I have moved out of O’Neill’s house to the one I formerly occupied, which is warmer and smaller, and have just laid in 1500 cwt. of dry olive wood, which I wish I could present you with. O’Neill’s administrador, who is a regular skinflint, has taken to his bed, in consequence of the loss of a tenant who paid 35 reals a day for a Caseron which will never again be relet. Here they say that he is coming to Seville for his Quartel.
Amarillas has been well received at Granada, where the joy at having got rid of that scoundrel Moreno is unbounded; above 500 prisoners have been let out of the dungeons there. In spite of his passport, he ordered Mr. Lewis out of Granada at two hours’ notice, but relented on an application of Don José.
Mark, who is always the conqueror, has got all the original correspondence between Torrijos and Moreno, which I hear beats cockfighting. They say Moreno has fled into Portugal.
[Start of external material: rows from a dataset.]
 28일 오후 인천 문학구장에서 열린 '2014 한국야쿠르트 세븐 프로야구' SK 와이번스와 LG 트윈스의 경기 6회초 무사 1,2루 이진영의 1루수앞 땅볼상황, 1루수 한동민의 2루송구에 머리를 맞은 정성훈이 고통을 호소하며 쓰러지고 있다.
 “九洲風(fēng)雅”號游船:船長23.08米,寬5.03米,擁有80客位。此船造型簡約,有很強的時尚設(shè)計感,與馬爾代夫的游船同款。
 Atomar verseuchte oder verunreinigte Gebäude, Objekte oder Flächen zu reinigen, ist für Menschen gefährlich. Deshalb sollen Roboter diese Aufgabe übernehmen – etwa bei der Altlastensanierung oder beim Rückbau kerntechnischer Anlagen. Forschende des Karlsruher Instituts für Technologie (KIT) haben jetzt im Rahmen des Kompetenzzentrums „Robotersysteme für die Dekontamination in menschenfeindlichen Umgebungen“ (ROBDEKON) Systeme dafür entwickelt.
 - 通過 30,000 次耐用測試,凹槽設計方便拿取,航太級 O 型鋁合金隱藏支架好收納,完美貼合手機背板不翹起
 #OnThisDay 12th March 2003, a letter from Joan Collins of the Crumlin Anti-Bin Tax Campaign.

Quesada is making rare reforms in the police, and the Andalucians are dancing Fandangos with delight.
I am expecting Mr. Lewis from Granada, and am going to take him into my house. I look forward to his Alhambra drawings, and hope my wife will make some good copies of them. She is, I am very sorry to say, in a most delicate state, and cruelly pulled down. People are all in high spirits and looking forward to changes and improvements which they will never see realised. The Queen very popular, and, if the King exchange a terrestrial for an immortal crown, she will here have a strong party.
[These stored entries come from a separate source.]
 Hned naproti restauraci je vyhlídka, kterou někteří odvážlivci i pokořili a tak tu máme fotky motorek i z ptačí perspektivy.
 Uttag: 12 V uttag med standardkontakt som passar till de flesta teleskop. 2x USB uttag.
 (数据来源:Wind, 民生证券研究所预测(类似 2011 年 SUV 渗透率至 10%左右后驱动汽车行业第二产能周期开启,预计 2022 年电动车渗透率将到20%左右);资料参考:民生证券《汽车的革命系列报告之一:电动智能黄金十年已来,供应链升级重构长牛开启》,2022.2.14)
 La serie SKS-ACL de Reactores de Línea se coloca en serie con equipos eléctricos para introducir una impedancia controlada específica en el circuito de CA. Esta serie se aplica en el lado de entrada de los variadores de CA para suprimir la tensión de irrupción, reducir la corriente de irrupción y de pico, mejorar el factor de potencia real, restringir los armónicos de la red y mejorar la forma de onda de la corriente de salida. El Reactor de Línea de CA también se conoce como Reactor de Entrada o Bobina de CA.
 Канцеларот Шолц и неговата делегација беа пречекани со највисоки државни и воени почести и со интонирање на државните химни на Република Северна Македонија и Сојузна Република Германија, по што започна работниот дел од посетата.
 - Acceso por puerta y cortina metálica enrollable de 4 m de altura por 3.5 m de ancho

Sevilla, Saturday, 15 [December 1832].
As soon as I received your Walter Scott[33] prospectuses I sent one to Arjona, the assistente, another to Quesada, and another to the editor of the Diario. If you send any more, it will be as well to add a postscript, saying who Walter Scott was, whether he was a Frenchman or a German, whether he wrote Verses or dealt in Bacalao [dried cod-fish], as there is no one here who has yet heard of him, and all, like Lord Westmorland when asked to subscribe to the monument of Watt, are asking what’s what. However, if he had written the Song of Solomon, and been as notorious as the Cid, the devil a cuarto would any Spaniard subscribe, and I do not expect one peseta from Andalucia. The Major is occupied in buying a horse; Colonel Buller in buying cloth for new trousers, on which he descants till even tailors cry ohe! jam satis est. I am buying meat and drink for my family. All these matter-of-fact expenses militate against handing over dollars for the decoration of a bleak northern capital.
We are about to lose Quesada, who goes to Madrid; but he is replaced by a better officer and a far higher-bred gentleman, Amarillas; so that, as far as we are concerned, we rather gain. Madame Quesada is one of the most agreeable, graciosas y chistosas [gay] of all Gaditanas, and, if you fall in her way, pray become acquainted with her.
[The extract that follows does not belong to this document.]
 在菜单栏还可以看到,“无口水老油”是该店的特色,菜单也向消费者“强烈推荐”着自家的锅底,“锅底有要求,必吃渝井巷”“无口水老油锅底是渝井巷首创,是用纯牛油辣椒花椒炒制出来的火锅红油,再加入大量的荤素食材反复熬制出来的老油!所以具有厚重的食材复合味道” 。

We are all going on here in our usual humdrum manner, my wife certainly much better. I have just bought her a horse, and she is having a splendid Maja riding-habit made, which will make the Andaluças die of envy; black, with innumerable lacing and tagging, and a profusion of silver filigree buttons.
I have Don Luis staying in my house, he has made some beautiful sketches of Granada, and is very busy with Sevilla.